Most of the participants of this study were females (gender ratio = 2), which was consistent with the findings of some studies (17, 29-31) but was inconsistent with the results of other studies (14, 32, 33). In the current study, design and method used to select patients from a subspecialty clinic showed that females had more visits and received care services.

The proportion of married people was more prevalent in patients with diabetes than the ones without diabetes, which was consistent with the results of some other studies (4, 30, 31, 34). In univariate analysis a significant relationship was observed between marital statuses in the two groups, but in the multivariate model, the marital status was not related to diabetes condition.

Education level based on years of education in patients with diabetes was lower than that of patients without diabetes; a significant difference was observed between the two groups in terms of education levels. It was in line with the results of Kheirjoo et al. and Shojaeizadeh et al. (14, 34), but not with those of some other studies (14, 31). Probably, higher education makes the importance of health clearer to people and encourages them to take health-promoting measures.

Obesity in patients with diabetes was more than ones without diabetes and the difference was statistically significant, which was consistent with the results of Shojaeizadeh et al. (14).

Mean level of knowledge in patients with diabetes was higher than that of the patients without diabetes, which was consistent with the results of Shamsi et al., and Hosseini et al. (4, 17), but inconsistent with the results of Goodarzi et al. and Bayat et al. (30, 31).

The score of positive attitude towards diabetes control was higher among people with diabetes than people without diabetes. Results of Hosseini et al. (17) also showed higher scores of attitude in cases than controls. In a study by Goodarzi et al. (30) the attitude of the participants was also positive, which was consistent with the current study results. Shamsi et al. (4) pointed to lower scores of patients with diabetes compared to those of the controls, which was not consistent with the current study results. One possible reason for the positive attitude of patients with diabetes toward diabetes control was the hardship and pains experienced by such patients during their disease and this makes them aware of its serious consequences.

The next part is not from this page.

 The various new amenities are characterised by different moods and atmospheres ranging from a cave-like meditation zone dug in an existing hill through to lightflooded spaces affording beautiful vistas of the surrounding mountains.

The mean scores of dimensions of health-promoting lifestyle in the accountability aspect and spiritual growth and self-actualization were not significantly different in the two groups, which were not consistent with results of Kheirjoo et al., and Asadnia et al. (34, 35).

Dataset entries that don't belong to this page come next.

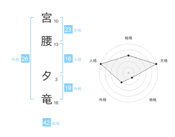 宮腰 夕竜さんの総格は42画の3点!
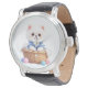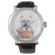 An adorable fluffy puppy sitting in a basket wearing a cute blue outfit. A soft and charming design perfect for dog lovers and kawaii fans.
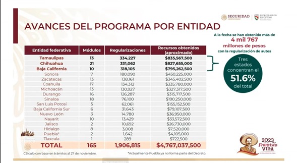 Rodríguez Velázquez también indicó sobre el avance que esta teniendo el programa con los autos provenientes de Estados Unidos y Canadá por entidad.
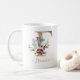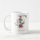 Esta caneca de café botânica de feriado rústica apresenta verde pintado manualmente com bagas vermelhas e letra falsa de ouro F com um nome personalizado em um roteiro moderno, escrito manualmente e em ouro, abaixo do original. Faz um presente encantador para aquela mulher especial na sua vida de Natal. Desenhada por Susan Coffey.

The mean score of health-promoting lifestyle in physical activities and nutrition dimensions in the two groups had significant differences, which was consistent with the results of some studies (14, 31, 34, 35). Patients with diabetes are recommended to be more active and have proper diet to improve their health-promoting lifestyle.

The mean score of health-promoting lifestyle in interpersonal relationships dimension in the two groups showed no significant difference, which was consistent with the results of Kheirjoo et al. and Asadnia et al. (34, 35).

The mean score of health-promoting lifestyle in stress management dimension in the two groups showed significant differences, which was consistent with the results of other studies (14, 35) but inconsistent with results of Kheirjoo et al. (34). Perhaps stress management and self-management training measures could help to manage stress and control the disease in patients with diabetes.

However, age adjustment of the two study groups can improve the statistical efficiency. Hospital based selection of controls can inflate the study estimation because it can be different from normal population.

5.1. Conclusion

Patients with diabetes need more attentions and care to manage diabetes and need interventions to change the lifestyle to adjust with their conditions. Stress management, improved interpersonal relationships, physical activity and diet in this group can have a role to control the disease.